- **TASK INPUTS**
___

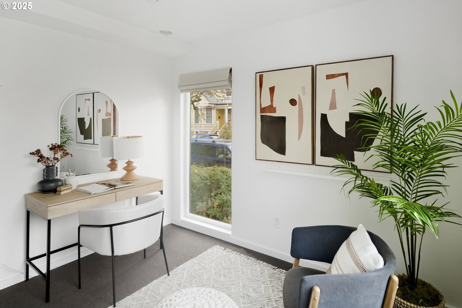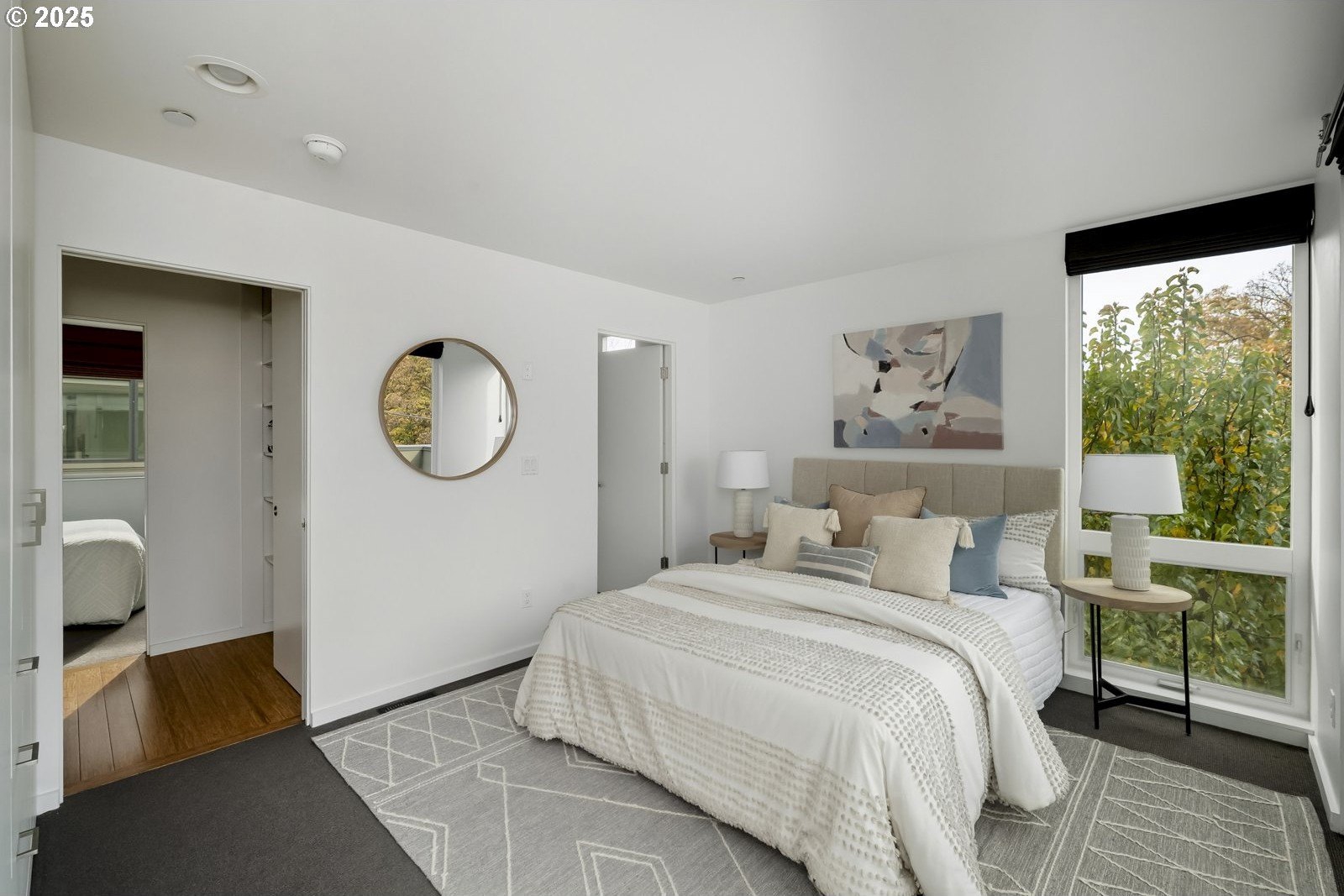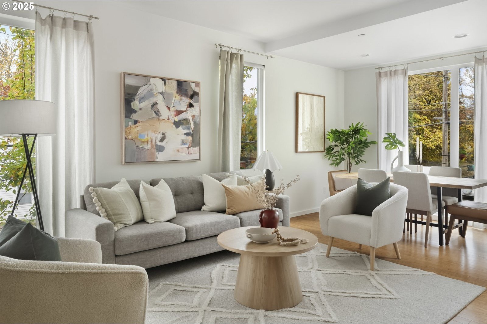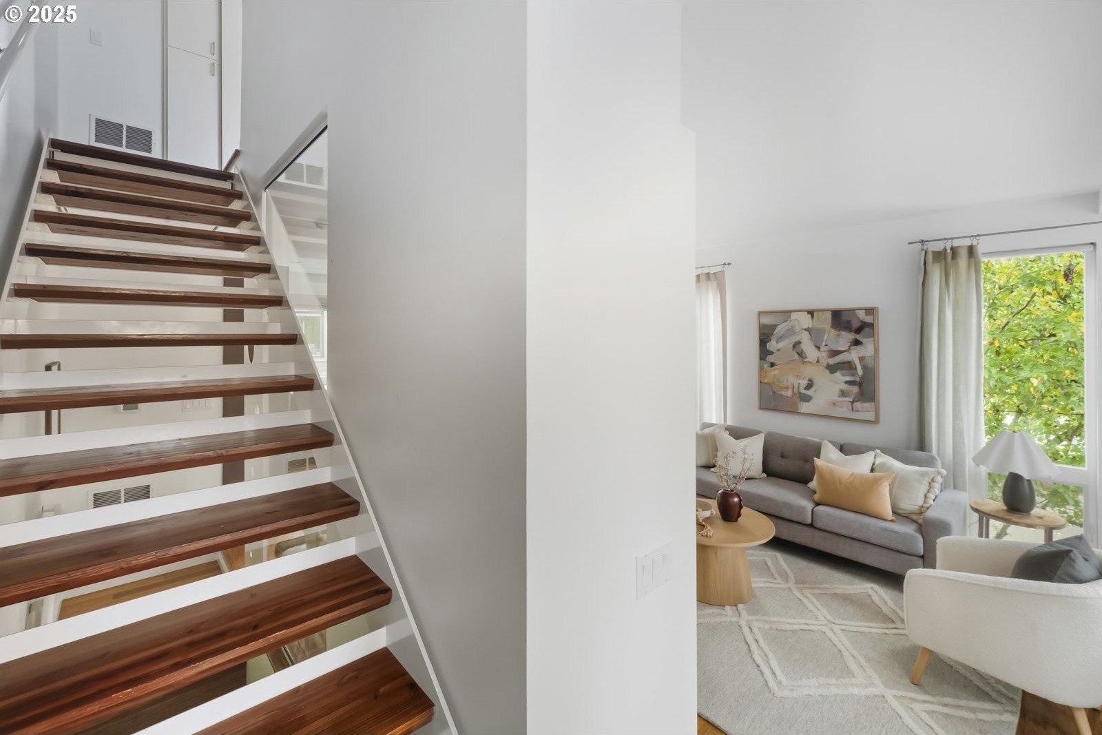 Located in the heart of historic Irvington, this rare end-unit townhouse-style condo offers modern comfort within one of Portland's most beloved neighborhoods. It truly lives like a detached home with its own front door, attached garage, and thoughtful upgrades throughout. The cook's kitchen is a true centerpiece-Neil Kelly cabinetry, deep drawers, quartz counters, pantry, and a generous eating bar that flows into an open living and dining area. Floor-to-ceiling windows on three sides bathe the home in natural light, creating a warm, inviting feel in every season. A gas fireplace and balcony with gas/water hookups make indoor-outdoor living effortless. Upstairs, two luminous primary suites feature wool carpet, Neil Kelly closets, and spa-inspired baths-one with an oversized soaking tub, the other with double shower heads. The larger suite offers a private balcony that catches the morning light and feels made for coffee, calm and a little container garden magic. Flexible laundry options include hookups upstairs or in the oversized garage with abundant storage. A Home Energy Score of 10 reflects the home's efficiency and low-impact design. And then-there's the rooftop. Nearly 500 sq ft of open sky, framed by views of the city, the West Hills, and winter views of Mt. Hood. An established garden with mature plantings and a drip system creates a sanctuary that feels both elevated and grounded, like a modern treehouse above the neighborhood. Sunsets here are unforgettable-golden light settling over the rooftops, the soft shimmer of "komorebi" as sunlight filters through nearby cherry trees. It's a place for long summer dinners, peaceful mornings, and quiet, starlit evenings. Set within a warm, connected community and surrounded by parks, grocery stores, cafes, restaurants, and transit-plus Grant School District-this home offers a rare blend of privacy, light, beauty, and effortless city living. [Home Energy Score = 9. HES Report
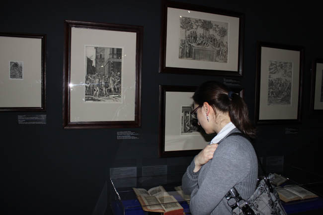 Ekspozycja ma również na celu ukazanie wpływu grafiki i druków ilustrowanych na przedstawienia znajdujące się na majolikach istoratio, Ryciny prezentowane na wystawie należą do kręgu wybitnych twórców grafiki, m.in. Marcantonia Raimondiego, Bernarda Salomona oraz Pierre’a Eskricha. Malarstwo narracyjne przedstawiające historie bogów i bohaterów stało się niezwykle popularne w sztuce Renesansu. Dlatego też artyści najchętniej nawiązywali do cenionej tym czasie Biblii, mitologii, a także „Przemian” Owidiusza. Zarówno na majolikach jak i rycinach, prezentowanych w Muzeum Narodowym, odnajdziemy sceny z tych ksiąg.
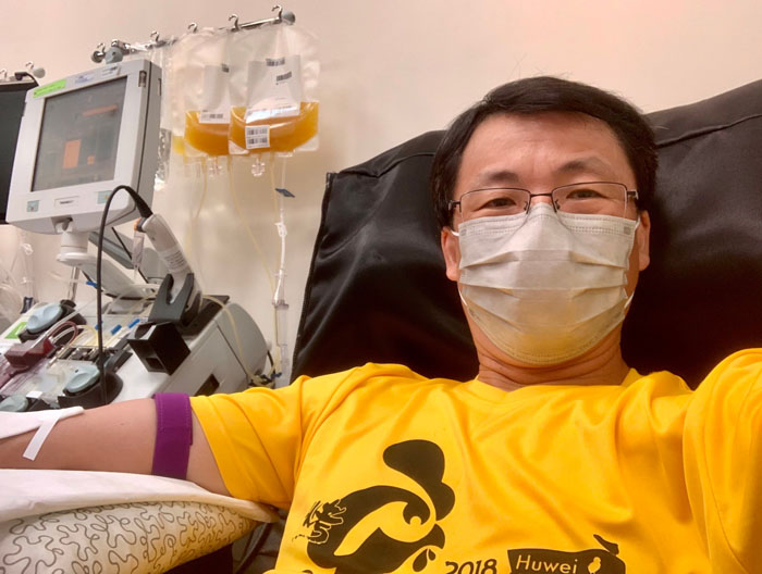 楊豪森校長於彰化捐血站捐分離術血小板。(照片提供/楊豪森)
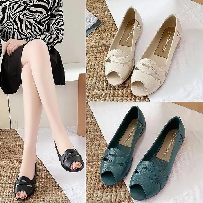 GRX SPORT BATAMTOP TG1726 Sepatu FlatShoes Wanita Import Sepatu Kerja Slip On Wanita Model Silang - CREAM SILANG ARAH 36
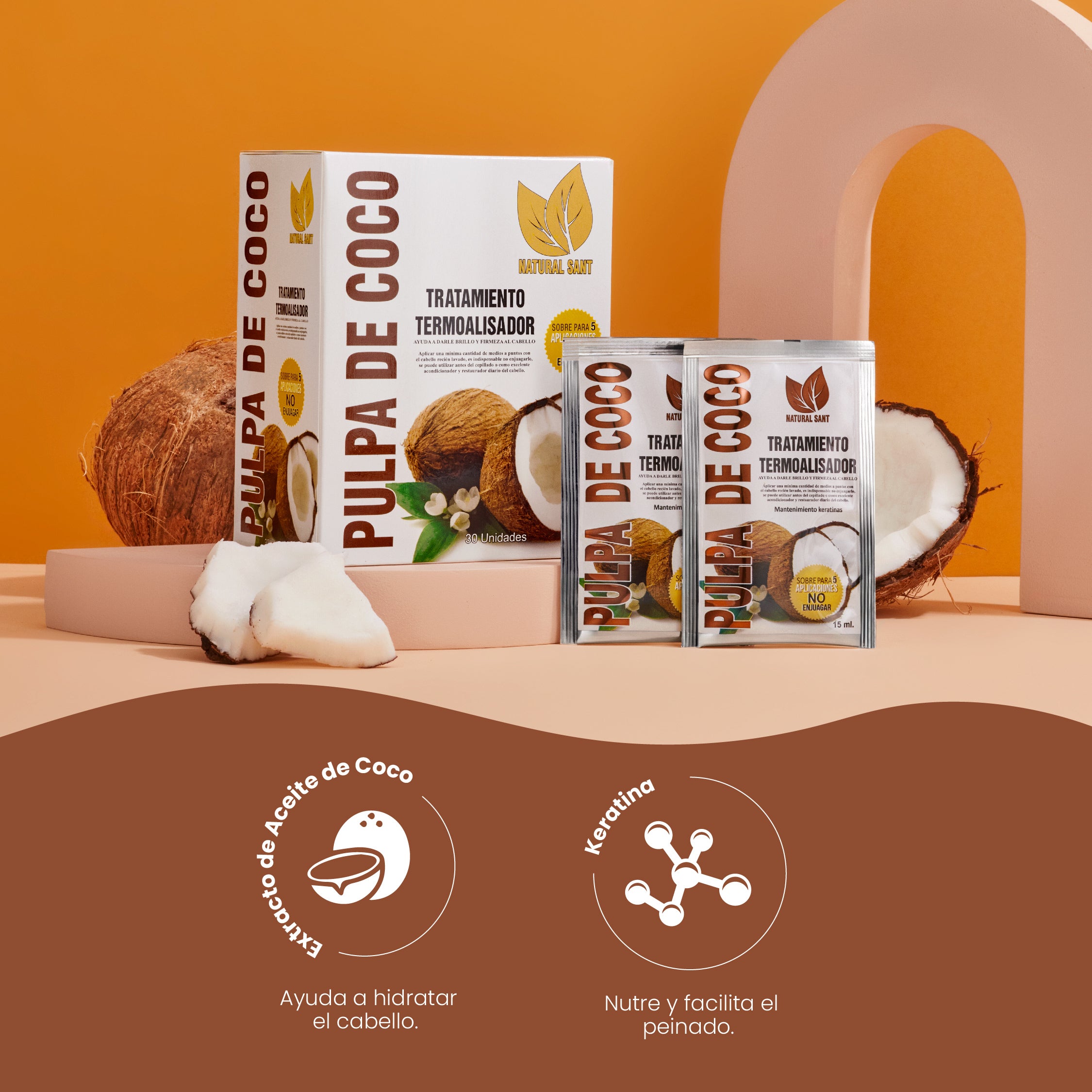 $50.000Aplicar el SHAMPOO CON ACEITE DE COCO Y KERATINA sobre el cuero cabelludo y enjuagar con abundante agua. Después aún con el cabello húmedo, se aplica una mínima cantidad del TRATAMIENTO PULPA DE COCO en todo el cabello, NO se enjuaga ni se combina con acondicionador alguno, debe dejarse actuar hasta el próximo lavado. NO es necesario cepillar ni planchar.
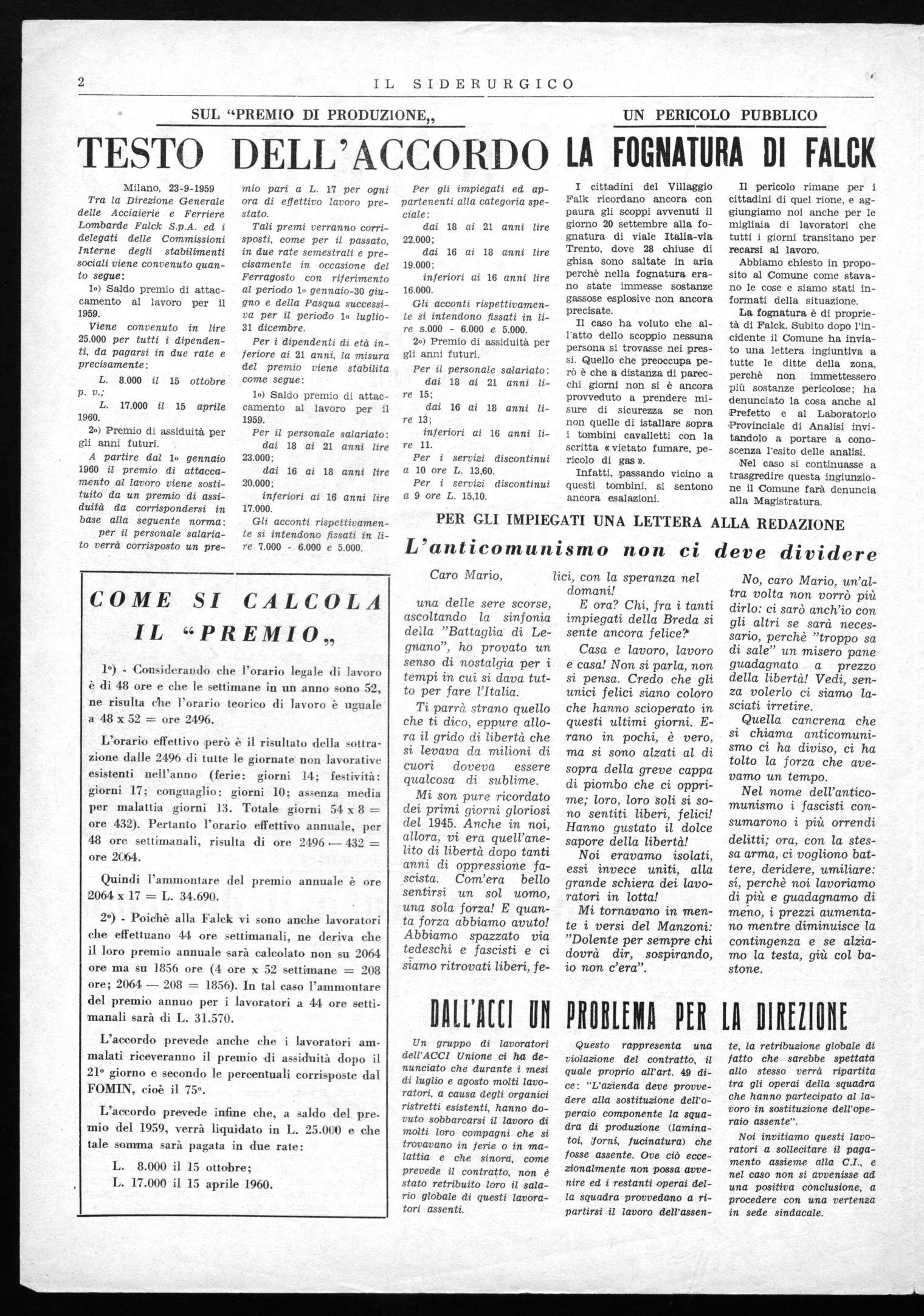Milano, 23-9-1959 Tra la Direzione Generale delle Acciaierie e Ferriere Lombarde Falck S.p.A. ed i delegati delle Commissioni Interne degli stabilimenti sociali viene convenuto quanto segue:
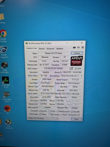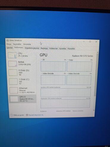 RX 570 8GB Tam işlək vəziyyətdədir, təmirdə olmayıb, vizual problemlər daxil olmaqla heç bir problem yoxdur. Termo pasta tez-tez dəyişilərək istifadə edilib.
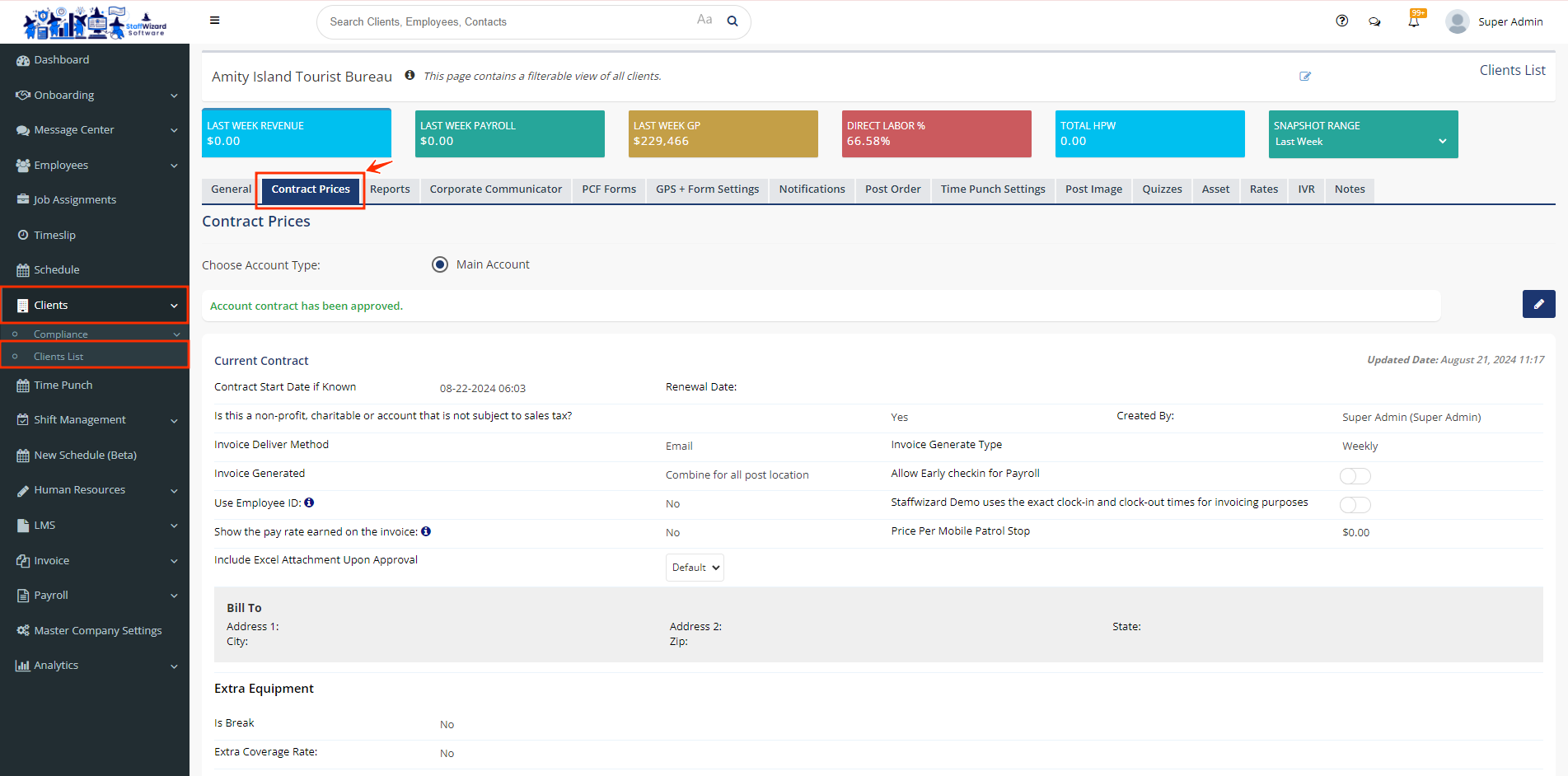 - Go to the "Clients" tab, select the section "Clients list" and use the filter to look for the Client´s profile you want to edit. Once you open the general information of the Client´s profile, click the tab "Contract Prices".

___

- **YOUR TASK**
Starting with the line that contains "RX 570 8GB Tam", give the lines again exactly as they appear through the last line of the data, pictures excluded.

- **ANSWER BELOW**
 RX 570 8GB Tam işlək vəziyyətdədir, təmirdə olmayıb, vizual problemlər daxil olmaqla heç bir problem yoxdur. Termo pasta tez-tez dəyişilərək istifadə edilib.
 - Go to the "Clients" tab, select the section "Clients list" and use the filter to look for the Client´s profile you want to edit. Once you open the general information of the Client´s profile, click the tab "Contract Prices".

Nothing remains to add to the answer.